Previous studies report that geometric measures of incisor size and curvature in extant anthropoid primates correspond to dietary differences. However, other methodologies of assessing incisor shape variation, such as dental topographic analysis, have not been considered.
This study measures Relief Index (RFI), linear dimensions, and curvature of central mandibular incisors (I) for a sample of extant anthropoids (n = 107). The utility of these measures in enhancing dietary separations across Anthropoidea is further investigated using traditional and phylogenetic statistics, principal component analysis, and multinomial logistic regression.

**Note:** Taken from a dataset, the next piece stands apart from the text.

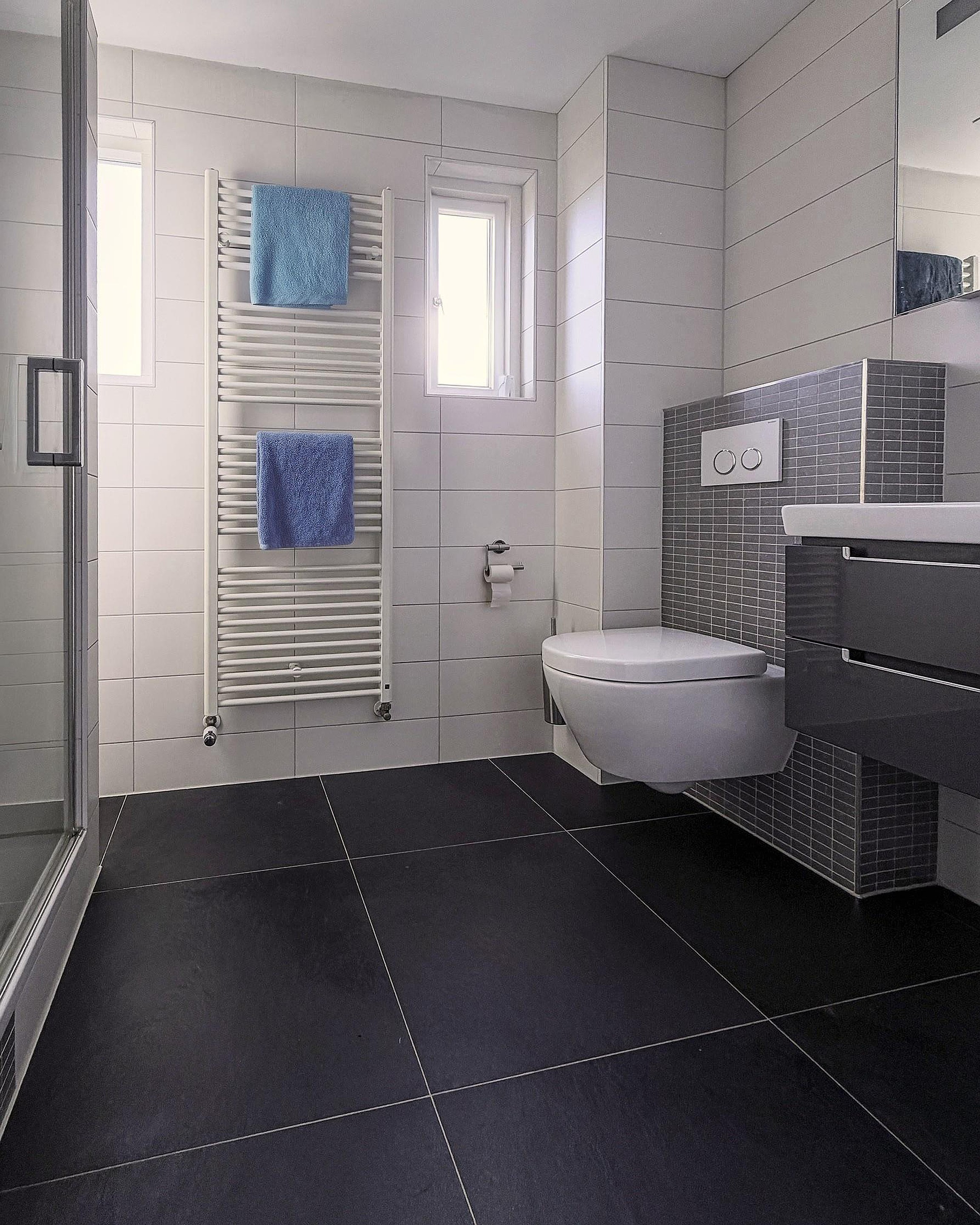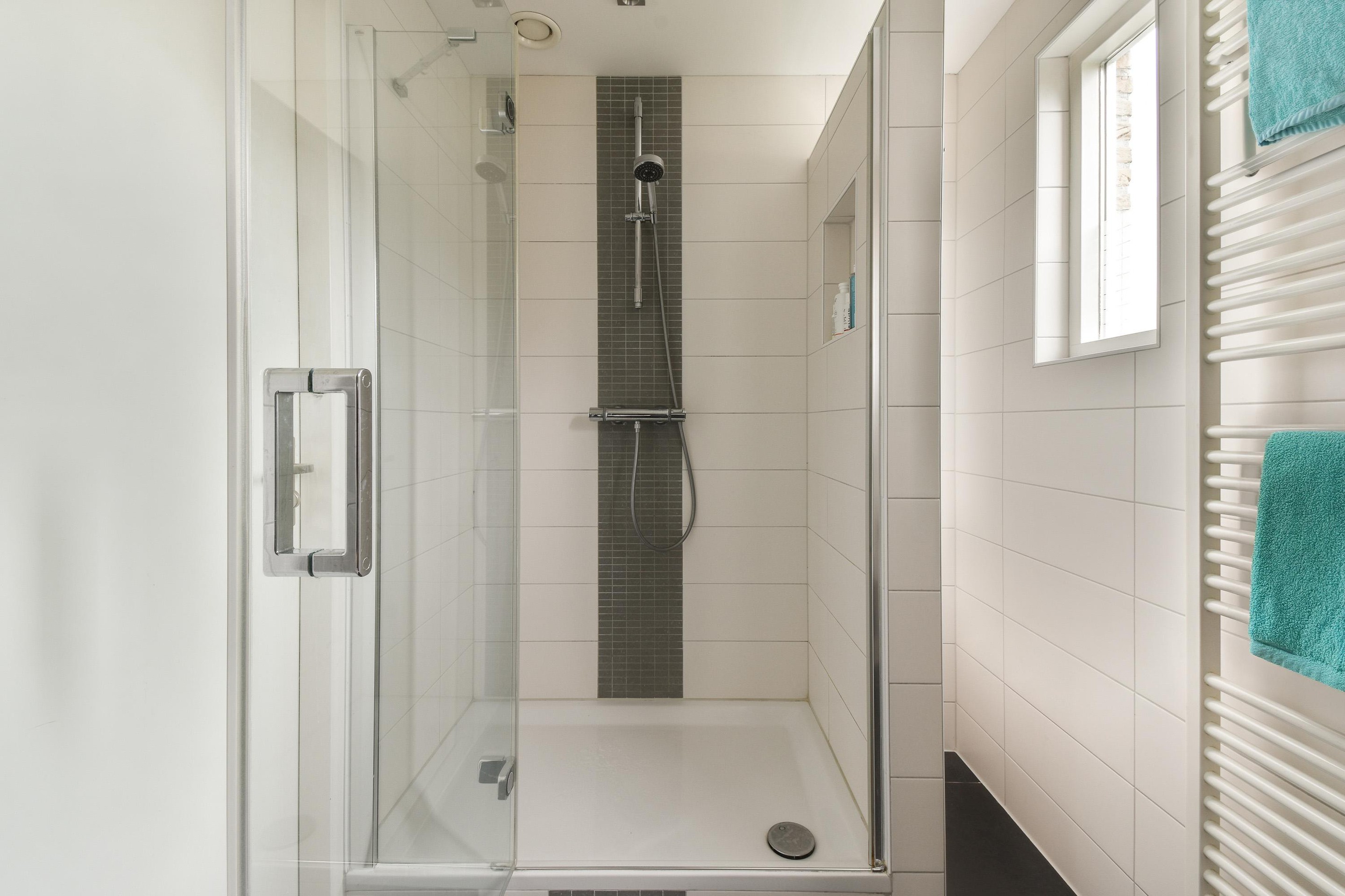 The modern bathroom is located at the front of the house and is equipped with a sink, walk-in shower, wall-hung toilet, underfloor heating, and is neatly tiled. This floor has beautiful laminate flooring.

Two-way ANOVAs find significant dietary differences and no sexual differences in I height, width, breadth, and RFI across crown anthropoids. Phylogenetic ANOVAs also detect significant dietary differences in these measures despite the presence of high and significant phylogenetic signal in height and RFI, indicating that dietary signals are robust. Predictive models combining I geometry and RFI outperform those using solely I geometry. A mixed-feeding ecology is inferred for the fossil platyrrhine Antillothrix.
Our findings indicate that I RFI and linear dimensions are robust dietary proxies in anthropoid primates that may be beneficial to future ecomorphological and paleontological analyses. The presence of phylogenetic signal merits further investigation, and we recommend a nuanced approach if applying I RFI or height as a dietary proxy for fossil primates.